Menschenrechtler verurteilten indes die mutmaßliche Folter der Tatverdächtigen durch russische Sicherheitskräfte. „Die Antwort auf Barbarei darf nicht Barbarei sein“, teilte die russische Vereinigung „Komanda protiw pytok“ (deutsch: Team gegen Folter) am Montag mit. Gewalt und Schikane wirkten sich zudem äußerst negativ auf die Ermittlungen aus, betonten die Aktivisten: „Wir haben immer gesagt und werden immer sagen, dass der Wert von Beweisen, die Sicherheitskräfte durch Folter erreichen, kritisch niedrig ist. Anstelle der Wahrheit sagt ein Mensch meist das, was diese Folter stoppen oder zumindest unterbrechen kann.“ Erzwungene Geständnisse könnte die Ermittlungen in eine ganz falsche Richtung führen.

Das Quälen von Häftlingen erhöhe auch die Gewaltbereitschaft in der Gesellschaft, führten die russischen Menschenrechtler von „Komanda protiw pytok“ aus. In Russland, wo Repressionen insbesondere seit Beginn des Krieges gegen die Ukraine vor mehr als zwei Jahren stetig zunehmen, wird der Organisation zufolge immer wieder gefoltert – meist jedoch hinter verschlossenen Türen. „Dieses Mal wurden wir nicht nur Zeugen eines monströsen Terroranschlags, sondern auch öffentlicher Folter. Das ist eine Methode, um Menschen durch Angst zu lähmen und die gesamte Gesellschaft zu indirekten Gewaltopfern zu machen.“

Leonid Wolkow, ein Vertrauter des kürzlich im Straflager gestorbenen Kremlgegners Alexej Nawalny, zeigte sich hingegen überzeugt davon, dass die Aufnahmen die Öffentlichkeit auf Anweisung von ganz oben erreicht hätten. Dass der Machtapparat seine eigene Grausamkeit so demonstrativ zur Schau stelle, sei neu, schrieb Wolkow im Nachrichtendienst Telegram. So solle wohl abgelenkt werden vom „Versagen der russischen Geheimdienste“ vor dem Anschlag, sagte er.

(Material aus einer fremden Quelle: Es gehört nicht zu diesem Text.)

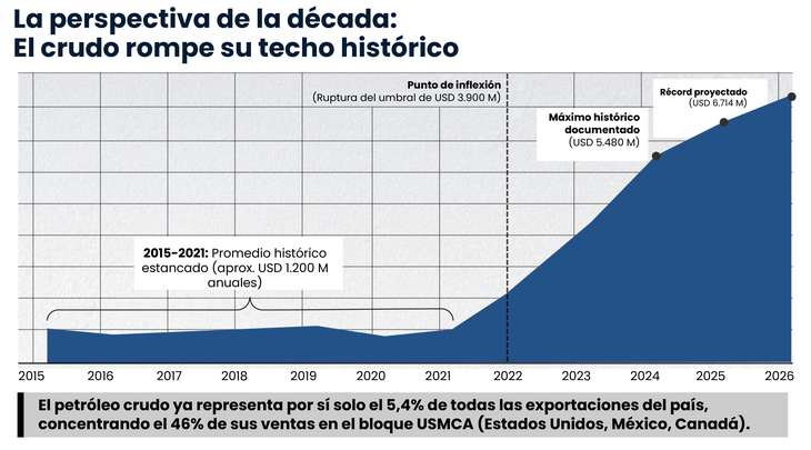 Los datos de RICSA confirman que el petróleo crudo ya no es un actor secundario en la economía nacional. Para febrero de 2026, el crudo por sí solo representaba el 5,4% de todas las exportaciones del país. Además, la estrategia comercial se ha volcado fuertemente hacia mercados de alta exigencia, concentrando el 46% de sus ventas en el bloque USMCA (Estados Unidos, México y Canadá).

Drei Tage nach dem Terroranschlag wurden immer noch 97 Verletzte in Krankenhäusern behandelt. Das teilte die Leiterin der Gesundheitsverwaltung im Gebiet Moskau, Ljudmila Bolatajewa, am Montag mit. Die Patientinnen und Patienten seien über Kliniken der Hauptstadt und des Moskauer Gebiets verteilt. Die erlittenen Verletzungen seien unterschiedlich schwer, sagte sie russischen Nachrichtenagenturen zufolge. An einem improvisierten Gedenkort am Zaun des Geländes Crocus City legten trauernde Menschen weiterhin Blumen nieder. Vor Ort hielten in der zerstörten Crocus City Hall die Aufräumarbeiten an. Es ist nicht ausgeschlossen, dass in den Trümmern der ausgebrannten Konzerthalle noch weitere Leichen gefunden werden.